Over time, as the Sugar Land area grew both physically and economically, and Sharpstown began to lose more prominent national chains, First Colony Mall slowly began to add more upscale stores such as Williams Sonoma (which has since closed) and newer concepts including Hollister Co. to its specialty store lineup. In 2005, the mall's first anchor change occurred when Mervyn's announced it would close its First Colony location as the chain exited Houston entirely. At the same time, the mall underwent an expansion that added an open-air "lifestyle" wing in front of the main entrance, anchored by bookseller Barnes & Noble which relocated from an adjacent shopping center and a courtyard of restaurants including The Cheesecake Factory and Grimaldi's Pizzeria. The expansion resulted in the addition of several upscale stores as well as a minor re-merchandising of the mall's inline tenants, including a new Apple Store.

Since the lifestyle wing was built on the front parking lot, parking garages were also built in front of the Dillard's and Foley's stores to alleviate parking problems created by the new addition, and traffic lights were also installed at the intersection of Town Center Boulevard North and the east side of the mall's ring road to alleviate extreme traffic problems at the main entrance. Shortly after the completion of the "lifestyle" wing, another anchor change occurred as Foley's converted to Macy's in September 2006 following Federated Department Stores' acquisition of Foley's parent company, May Department Stores the prior year. Dillard's would also fill the former Mervyn's location, focusing on men's clothing and housewares, by 2009. As of 2014, the mall has over 140 stores with a tenant mix consisting largely of a mix of traditional mall tenants and higher-end retailers—–indicative of the surrounding area's affluent demographics.
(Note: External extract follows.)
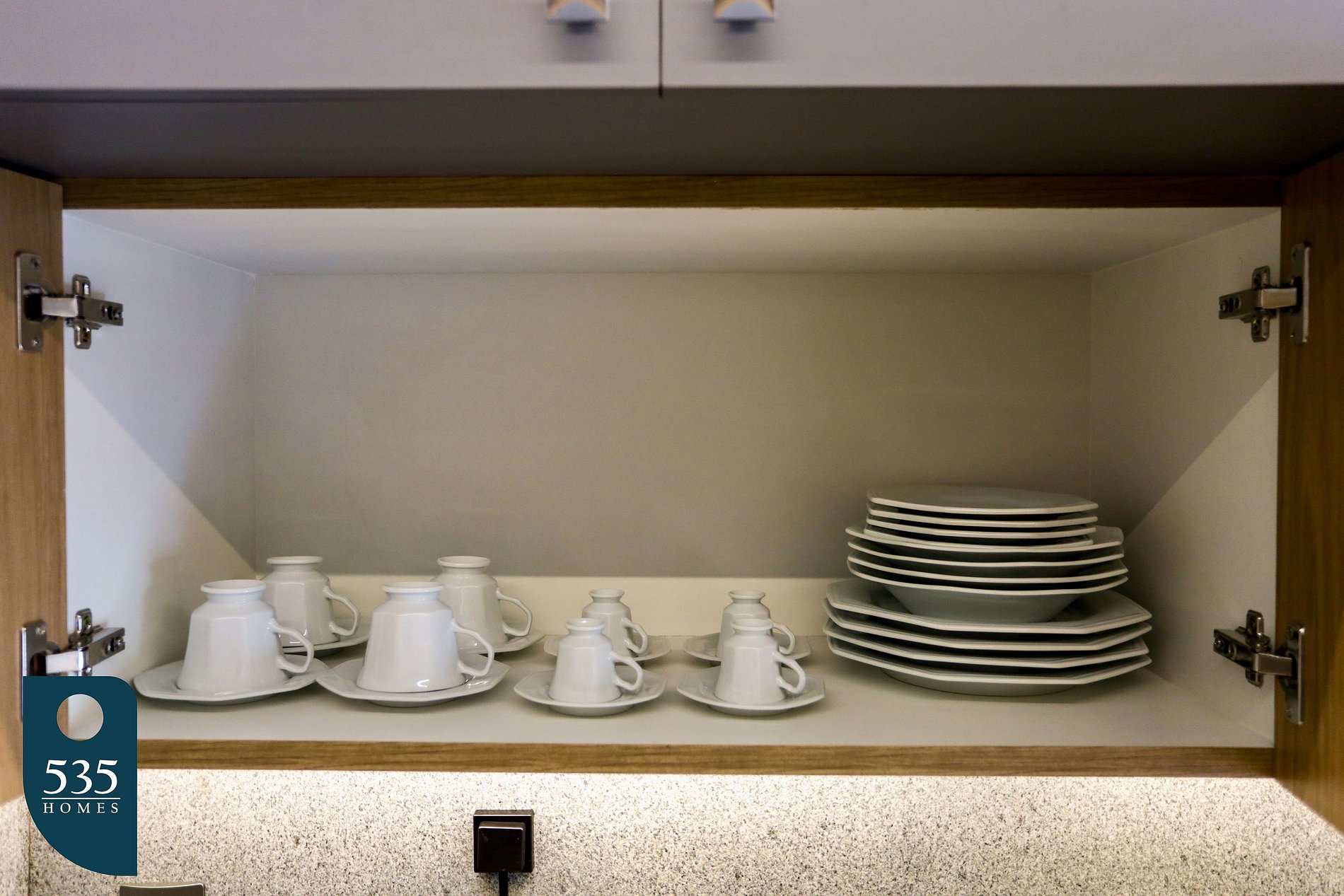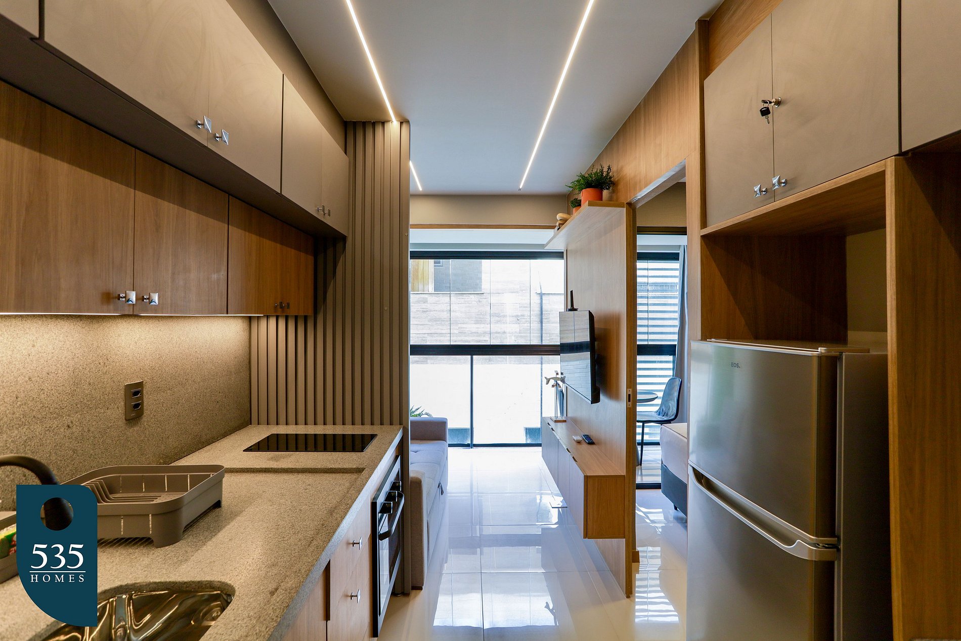 A cozinha é super equipada, perfeita para preparar desde um café da manhã até refeições completas. Conta com máquina de lavar e secar roupa, cafeteira elétrica, máquina de café em cápsulas, cooktop de indução com 2 bocas, geladeira, forno elétrico, micro-ondas, sanduicheira e purificador de água acoplado à torneira da pia.

The mall's surrounding area has also evolved with the addition of Sugar Land Town Square, numerous "big box" retail centers, a Sugar Land campus of Houston Methodist Hospital, and a 24-screen AMC Theatres cinema that is also one of the few multiplex cinemas in Greater Houston to feature a constant mix of first-run blockbusters, independent films, documentaries and foreign films which reflect the diversity and economic strength of the Sugar Land area.
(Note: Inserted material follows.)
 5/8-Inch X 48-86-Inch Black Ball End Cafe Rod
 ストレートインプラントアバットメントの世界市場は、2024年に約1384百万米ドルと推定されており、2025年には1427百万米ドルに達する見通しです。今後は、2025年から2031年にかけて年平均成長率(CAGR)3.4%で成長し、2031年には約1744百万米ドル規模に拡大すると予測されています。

On November 30, 2015, it was reported that Dick's Sporting Goods will construct a new store at First Colony Mall, which opened in October 2016. The store, one of six added across the Greater Houston region (all but one at malls owned by Brookfield Properties, is located adjacent to the former exterior food court entrance. Other new additions since then include Texas de Brazil and Dimassi's Mediterranean Buffet.